В самый разгар выяснения своих отношений с Толстым я решил навестить Ясную Поляну, мимо которой прошел военной весной под соловьиное пение.
Я вылез из машины и оглянулся, стараясь вспомнить, где тут тридцать лет назад стоял подбитый немецкий вездеход. Мне казалось — если вспомню, то вновь испытаю то высокое, до самозабвенья, чувство вечности, с которого, наверно, и началась моя сознательная жизнь. Но все кругом было оскорбительно непохоже на то, что хранила память, — деревня слишком близко стояла к усадьбе, травянистый склон от нее упирался в заасфальтированную площадку, забитую легкомысленно разноцветными легковыми машинами. А посреди площадки стоял негр, долговязый и нескладный, как богомол, в накрахмаленной сорочке и коротких, по щиколотку брючках, — сын Африки, совершивший паломничество к тульскому оракулу. Нет, не угадать, где стоял немецкий вездеход, весь мир неузнаваемо изменился за эти годы. Прошлое не связывалось с настоящим.

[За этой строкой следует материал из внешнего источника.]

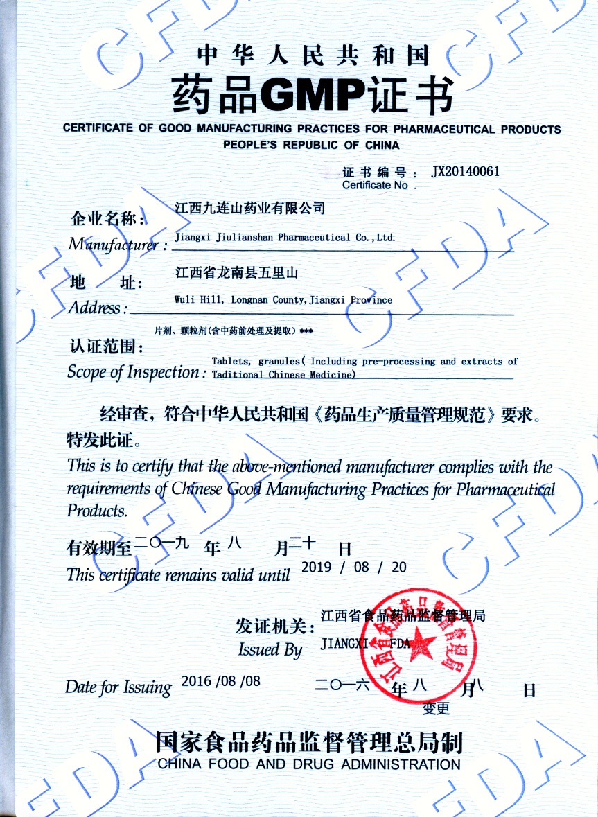 發(fā)證機(jī)關(guān): 江西省藥品監(jiān)督管理局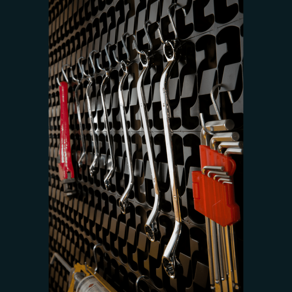 Most importantly, this power tool storage idea prevents your team from placing tools on the floor, even when setting them down momentarily between tasks.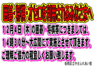 12月4日(木)囲碁・将棋のご利用については、下記の通りとなります。
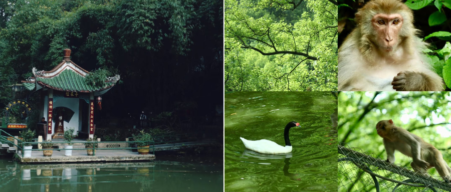 以明山、秀水、幽林、古寺、圣泉、灵猴而闻名遐迩。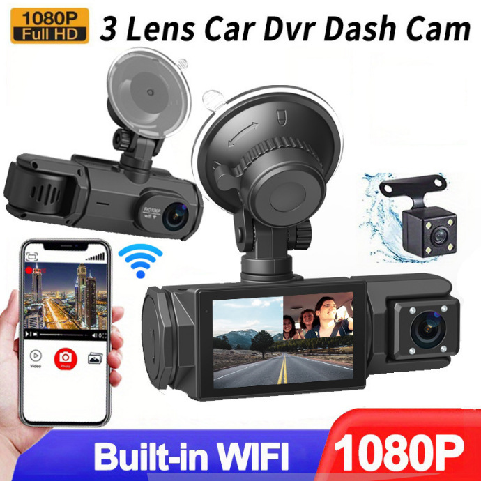3寸屏行车记录仪3路高清1080P带WIFI三镜头停车监控带夜视车载DVR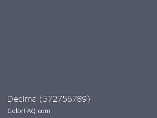 Decimal 572756789 Color is a normal blue color and the nearest color is Scarpa Flow #585562. Hex code #535867 and RGB value is rgb(83,88,103). In RGB color space, this color is composed of 33% red, 35% green, 40% blue, In CMYK color space, this color is composed of 19% cyan, 15% magenta, 0% yellow , 60% black , In HSL color space, this color has a hue angle of 225° , 11% saturation and 36% lightness.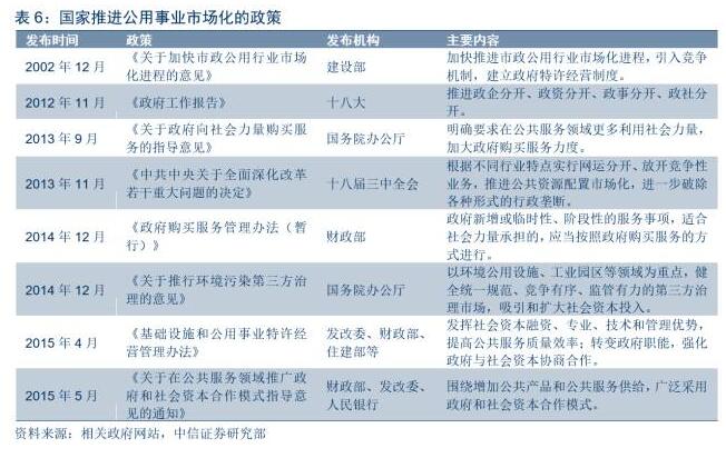 近年來,國家出臺(tái)一系列相關(guān)政策,構(gòu)建公用事業(yè)市場化框架。一是推進(jìn)政企分開、政事分開,簡政放權(quán);二是加快推進(jìn)市政公用事業(yè)的市場化進(jìn)程,引入競爭機(jī)制,推廣政府和社會(huì)資本合作模式,由政府授權(quán)特許經(jīng)營,加大政府購買服務(wù)力度。在此基礎(chǔ)上,各個(gè)地方也出臺(tái)多項(xiàng)在公用事業(yè)領(lǐng)域引進(jìn)社會(huì)資本投資的政策,要求當(dāng)?shù)丨h(huán)衛(wèi)監(jiān)管部門從“管干一體”轉(zhuǎn)型為專業(yè)監(jiān)督管理組織,將環(huán)衛(wèi)服務(wù)項(xiàng)目向社會(huì)公開招投標(biāo),進(jìn)行市場化運(yùn)作,在服從管理機(jī)構(gòu)調(diào)度的前提下,自負(fù)盈虧。這一系列舉措核心是避免政府成為單一投資主體,實(shí)行政府和社會(huì)資本的合作模式,使得環(huán)衛(wèi)服務(wù)業(yè)走向市場化之路。

Мы бродили по усадьбе весь день, вышли, когда солнце уже садилось, асфальтовая площадка перед воротами была пуста, стояла только одна наша машина. И, взглянув на нее, я вздрогнул — вдруг все стало на место, крыши деревни, травянистый склон… Наша машина стояла как раз там, где прежде торчал подбитый вездеход.
Прошлое связалось с настоящим, но чувства вечности я так и не испытал. Оно осталось там, в другом времени, в моей юности.
1978
Проселочные беседы
Черепаха, которая жила под письменным столом, была вегетарианкой, и Алексей Николаевич взялся доставлять ей к ужину букет луговой кашки. На эту ответственную операцию неизменно приглашался я, помимо всего, надо полагать, на роль Дерсу Узала местного значения. К вечеру под моим окном вырастал он — вдохновенная голова на тонкой шее, кофта, ниспадающая с плеч столь вольными складками, что сомневаешься в существовании плоти под ней, и белые резиновые тапочки на ногах.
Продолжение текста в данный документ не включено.